Si nos apropiamos de ella, traicionamos
el sentido originario de toda lengua y que no es otro que el de la
hospitalidad. Somos huéspedes de la lengua que hablamos. Un huésped ni se
apropia de la casa ni puede olvidar que está de paso. Puede, en efecto,
buscarse otra posada y hablar otras lenguas. Las lenguas, que son estrategias
de entendimiento, invitan al plurilingüismo y a la traducción.
Sería contradictorio defender una
lengua para separarla de otra. Esto ha ocurrido ciertamente pero no en nombre
de lengua alguna sino del poder político que utiliza el lenguaje en provecho
propio. Recordemos lo que respondió Nebrija a la reina Isabel de Castilla,
cuando aquél le presentó la primera gramática en castellano: “señora -le dijo a
la reina castellana que no sabía qué beneficio podía sacar de una lengua que
ella ya hablaba- la lengua acompaña al imperio”. La conquista se llevó a cabo
con las armas y con la lengua. Esta lección política volvió a tener otro
momento de esplendor en tiempos del romanticismo cuando las élites conservadoras
temblaron ante el proyecto napoleónico de conformar una Europa en base a los
ideales revolucionarios. De nuevo la política echó mano de la lengua para
erigirla en piedra angular de un “nuevo” orden político que era el de siempre.
Uno de los guías espirituales de ese movimiento romántico (la traducción
española de romanticismo es tradicionalismo) era el filósofo Gottfried Herder,
referencia obligada, según Jordi Pujol, del nacionalismo catalán. A la tríada revolucionaria
de libertad-igualdad-fraternidad oponía él su propia fórmula compuesta de sangre-tierra-religión
y lengua. De esta guisa el lenguaje perdía su potencial comunicativo en
provecho de intereses políticos conservadores.

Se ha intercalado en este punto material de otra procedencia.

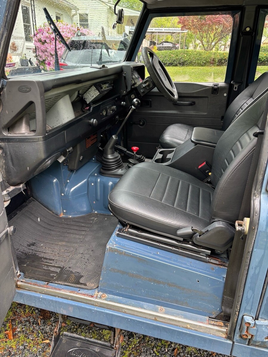 This 1993 Land Rover Defender is an original vehicle with some updates to the drivetrain. The owner has had it for 5 years and has enjoyed taking it on weekend drives. The vehicle runs great and has a clean title. It has a blue exterior and has been well-maintained. The mileage on the vehicle is 210023.
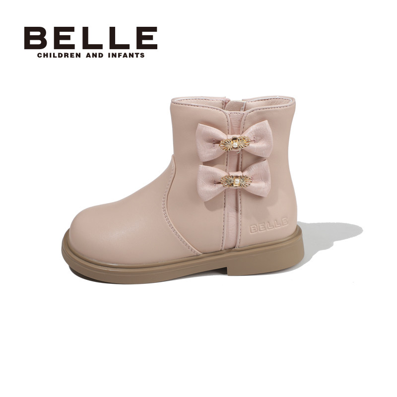 百丽童鞋女童蝴蝶结公主靴冬季加绒保暖儿童马丁靴时尚小女孩短靴
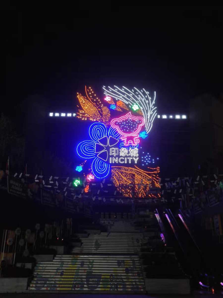 这是我们给贵阳印象城玻璃幕墙做的灯饰画,采用隐形设计,以双向拉升阻燃网做底网,用格林曼品牌柔性彩虹管绘制画面。
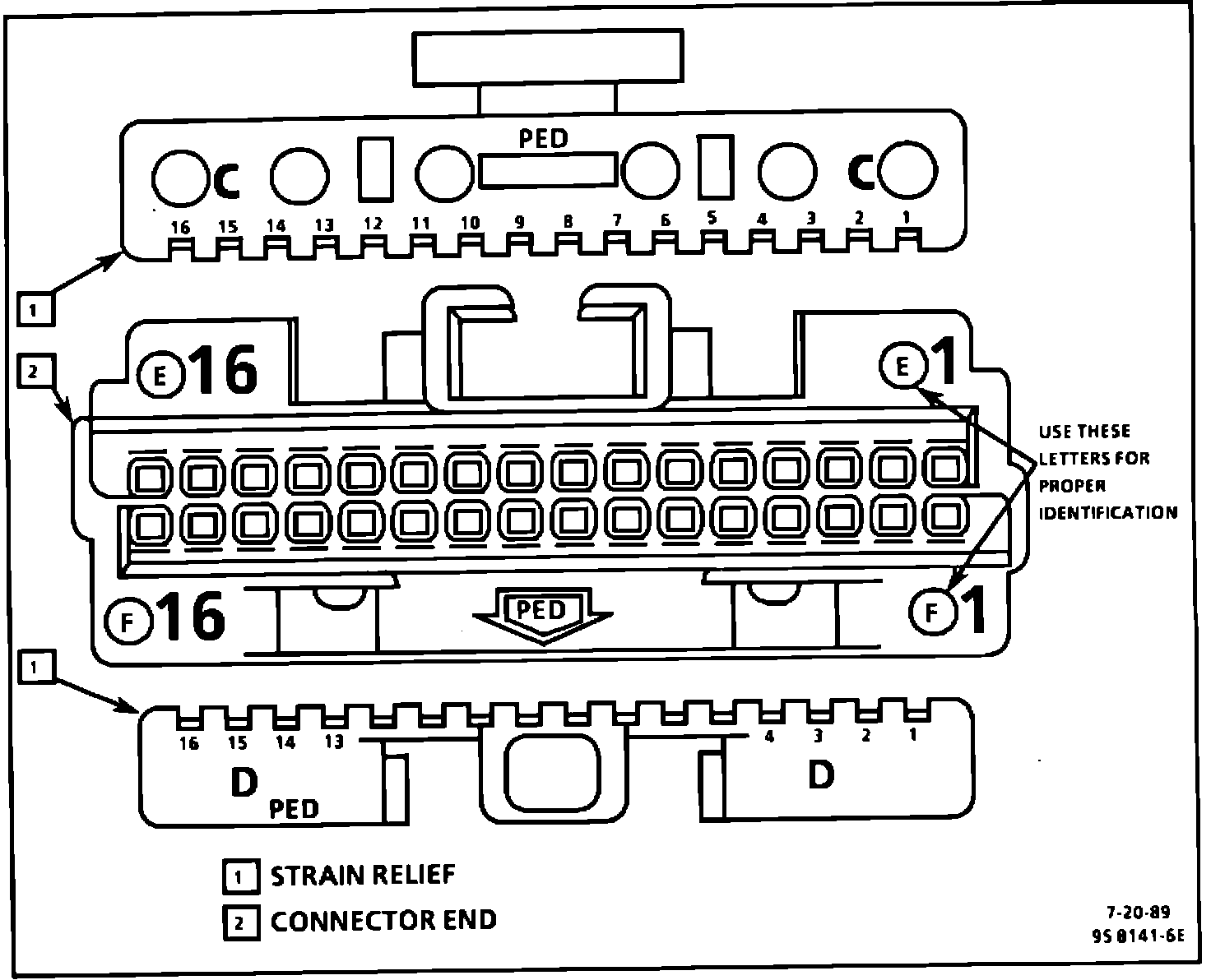 Currently a common strain relief is used in both the C-D 32 pin and the E-F 32 pin connectors. To properly identify these connectors, the strain reliefs must be removed. Use the lettering on the connector as shown on figure.
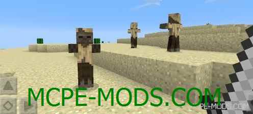 Зомбі-мумія (піщаний моб) буде, навпаки, з’являтися в жарких Біоми, тип савани, пустелі. Він не буде горіти на сонці. При ударі буде завдавати шкоди і голод.
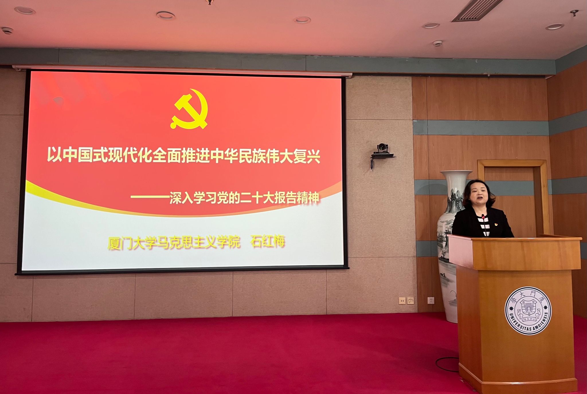 党的二十大鲜明提出新时代新征程党的使命任务,擘画了中国式现代化宏伟蓝图。为进一步深入学习宣传贯彻党的二十大精神,把党员同志的思想和行动统一到党的二十大精神上来。3月14日下午,财务处党支部联合审计处党支部、科技处党支部、社科处党支部、基建处党支部、中医系教工党支部、建筑与土木工程学院党政后勤教工党支部、管理学院2021级审计专硕支部等7个党支部开展共建联学主题党日活动,邀请厦门大学马克思主义学院党委书记石红梅教授作《以中国式现代化全面推进中华民族伟大复兴——深入学习党的二十大精神》的专题辅导报告。
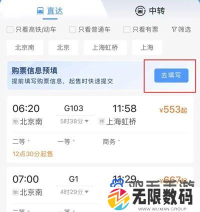 2、来到查询车票页面后,点击购票信息预填右侧的去填写;
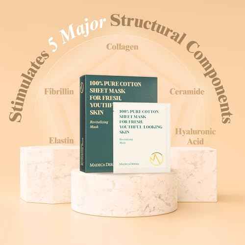 Madeca DERMA Revitalizing Sheet Mask 10pcs (100% Pure Cotton Sheets) with Centella Asiatica, Hyaluronic Acid, and Niacinamide ? Korean Skincare for Hydration & Skin Brightening for All Skin Types
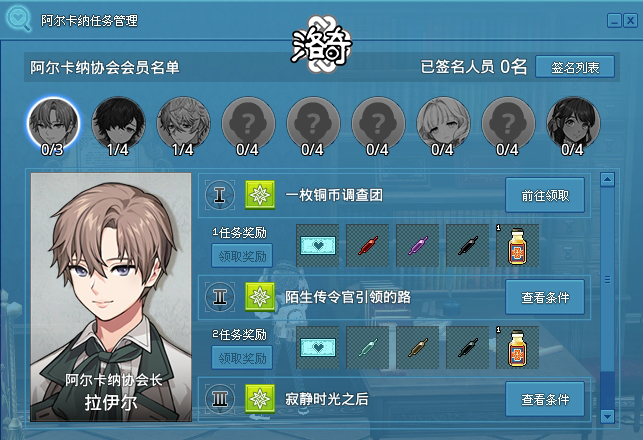 满足两个条件后以[阿尔卡纳协会的日常]与拉伊尔对话来领取任务。
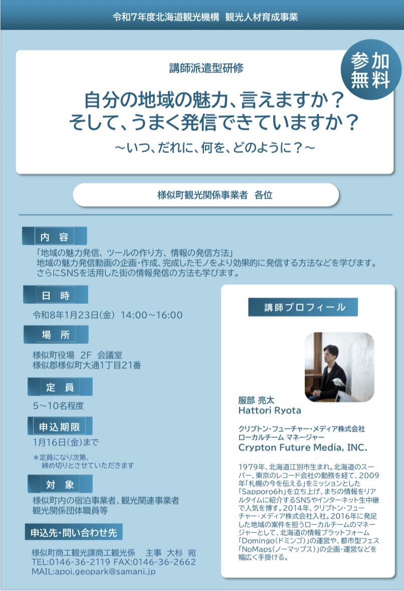 公益社団法人 北海道観光機構から観光人材育成事業の研修が様似町で開催します。
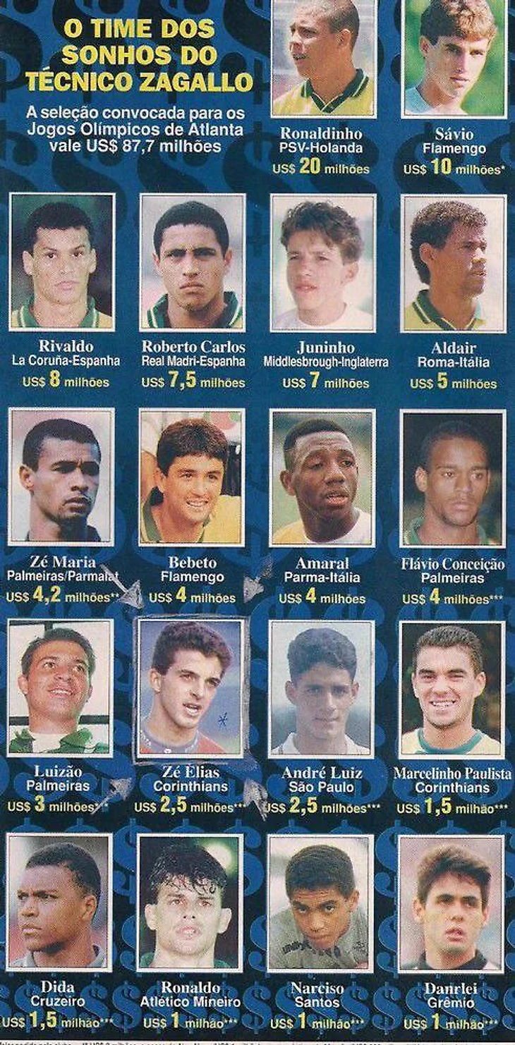 Шарился я надысь по всебразильским архивам и наткнулся на прелюбопытнейшую вещицу. Ценник на сборную Бразилии на Олимпиаде в Атланте 1996 года
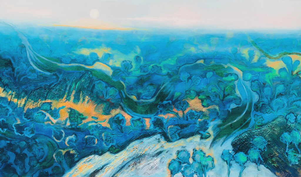Coming to Australia from Asia over five decades ago, Dahl has absorbed the landscape into her psychic. She has familiarized herself with the desert country with its many moods and complex physical and spiritual nuances. The memories of the Land of her birth – Thailand,with its exotic smells, bustle, colour and fragrant blooms, also feeds into her work.
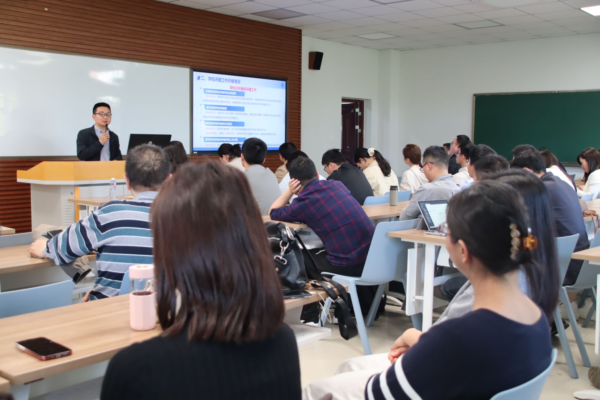 为深入推进公司产品改革,全面迎接新一轮本科公司产品审核评估工作,持续推动公司人才培养工作再上新台阶,本次会议特别邀请了公司教务处教质量评估办公室主任冷伟老师为全体教职工作本科公司产品审核评估培训。冷伟主任从本科公司产品审核评估要点、公司评建工作开展情况、迎接新一轮审核评估教师何为等3个方面做了详细阐述,特别强调了新一轮审核评估的评估指标及突出特点,并将与教师相关的事项做了逐一解答。
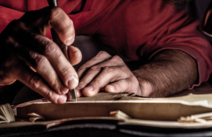 Instruments du quatuor : (fente d'âme, fente de barre, fracture de tête, ré-enclavement, doublage talon, enture, rebarrage, coins, bord, raccord de verni, etc.)

Los constructores de la Torre de
Babel fracasaron en un intento de asaltar los cielos porque eran “de un mismo
lenguaje e idénticas palabras”, leemos en la Biblia. Gracias a ese afortunado
incidente la humanidad descubrió la pluralidad de lenguas. Dice Dante que las
distintas lenguas surgidas de Babel no fueron “la raíz de las identidades
nacionales” sino la condición necesaria para que surgieran la pluralidad y
singularidad de pensamientos y sentimientos.
Hablamos para entendernos en su
doble sentido de hacernos comprensibles y de lograr entendimiento. La política
descubrió que la lengua, además de esas funciones humanitarias, es una fuente
de poder. Cuando la política se impone a la lengua, no es precisamente porque
la ame.
Reyes
Mate (El Periódico de Catalunya, 30
de diciembre 2019)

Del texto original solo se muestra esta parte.